Merriman still manages some portfolios with a market-timing approach, for clients who get nervous during market downturns, Mr. Merriman-Cohen says. “If you’re going to make changes anyway,” then the firm wants to do it in a structured way to prevent sharp losses, he says.

Both he and his father are no longer actively involved in the day-to-day running of their investment advisory firm.

[Mixing_Katz]

Daniel J. Gregory

Larry Katz

Here, Merriman’s director of research, Larry Katz, shares a model portfolio used by the firm’s clients who have a moderate-risk profile. The portfolio is for individuals investing in a taxable and buy-and-hold account.

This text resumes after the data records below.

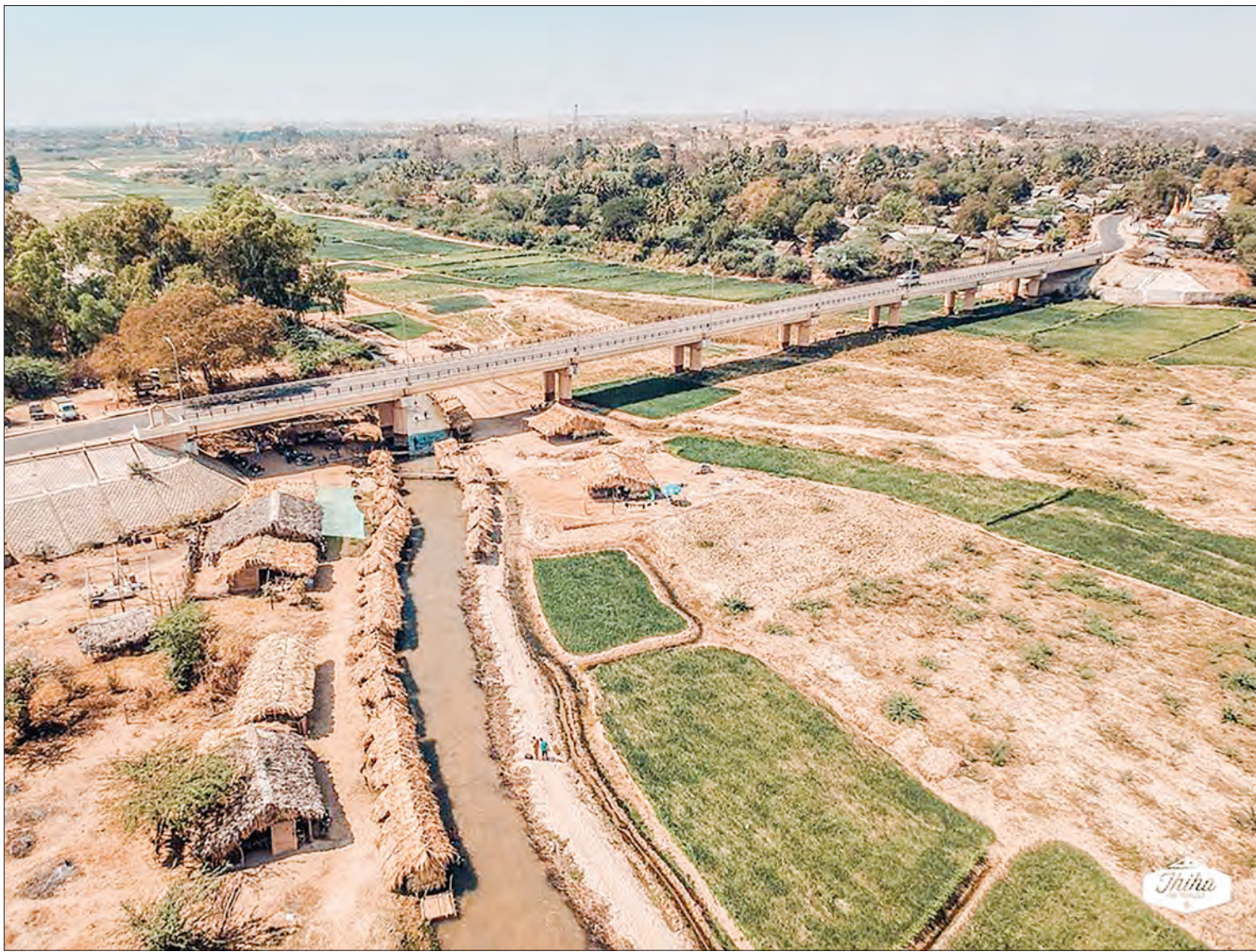
Bird's-eye view of Pinn Creek in summer.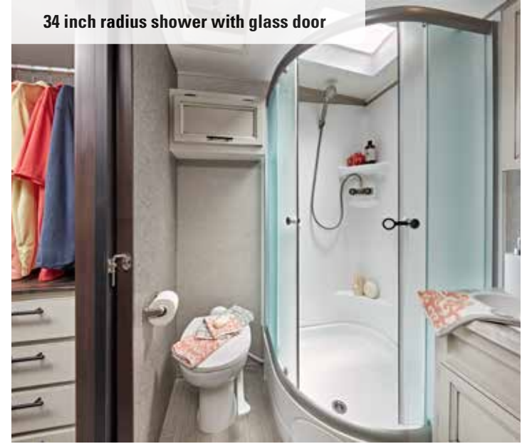
34 inch radius shower with glass door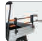
Multi-Tool Holder Kit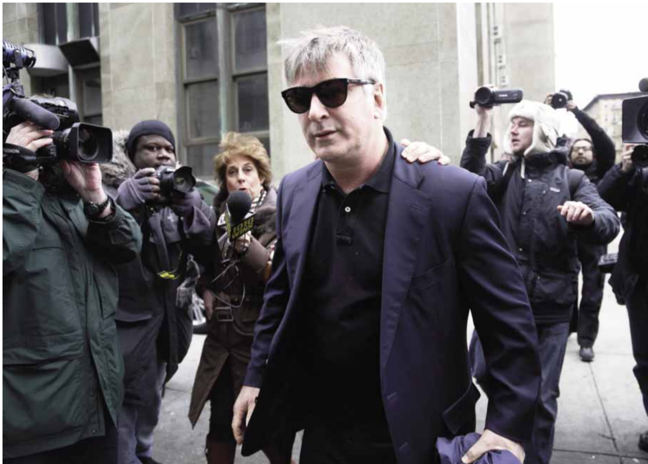
NEW YORK: Actor Alec Baldwin leaving criminal court after testifying at his stalker's trial, having run-ins with photographers, and being suspended from his ultimately short-lived MSNBC show because of his behavior during one of the encounters, Baldwin wrote a New York magazine cover story in 2014 decrying the constant tabloid coverage of his comings and goings.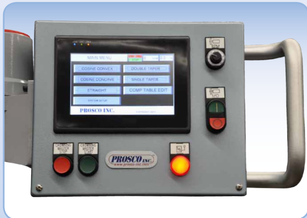
Optional Swing-Arm Mounted Controls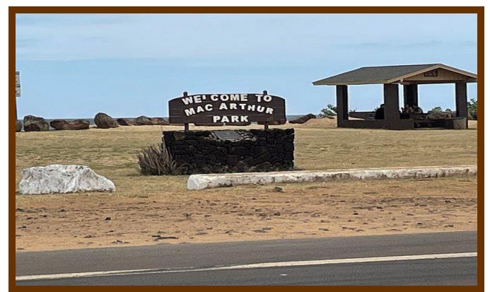
Kekaha Beach Park, Waimea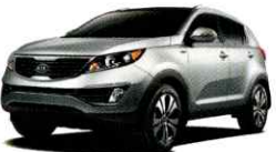
Bright Silver (M) BC/BL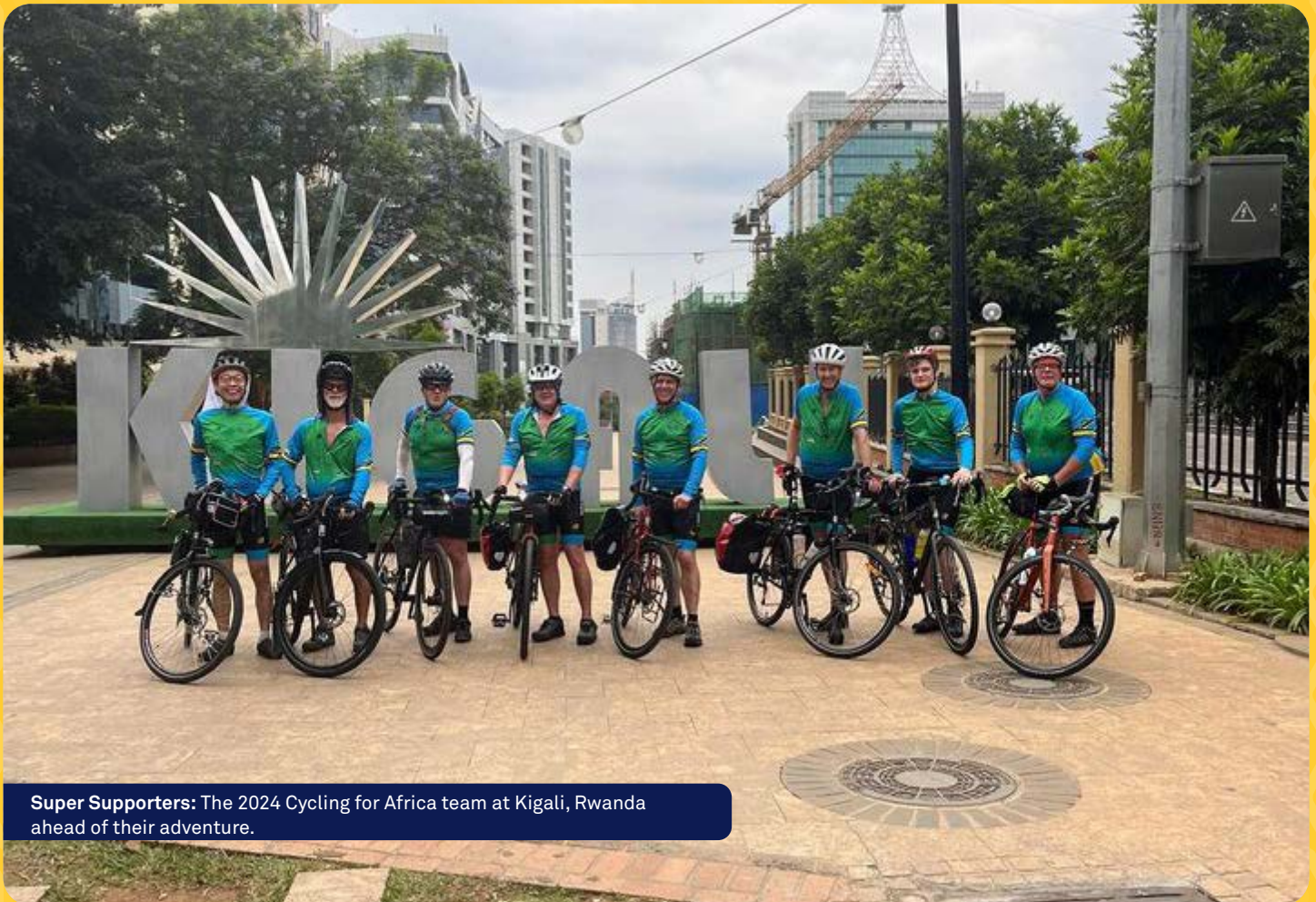
Super Supporters: The 2024 Cycling for Africa team at Kigali, Rwanda ahead of their adventure.

The 2024 Cycling for Africa team aims to raise AU$20,000 to support free education at St Jude's.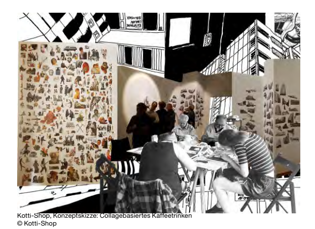
36 MONSTERS Kotti-Shop, Konzeptskizze: Urbanes Wohnzimmer

It gained 0.83% annualized over the five years through 2011, according to Mr. Katz. This is net of the firm’s asset management fee of 1% per year or lower, depending on assets under management. The Standard & Poor’s 500-stock index had an annualized return of minus 0.25% over that period.

U.S. STOCKS: The portfolio is primarily invested through funds from Dimensional Fund Advisors, which uses computer models to buy lots of stocks that meet certain risk-and-return criteria and holds them for years.

DFA believes that over the long run, small-company stocks and “value,” or inexpensive, stocks will provide better returns than the broad stock market. DFA’s funds are sold primarily through investment advisers.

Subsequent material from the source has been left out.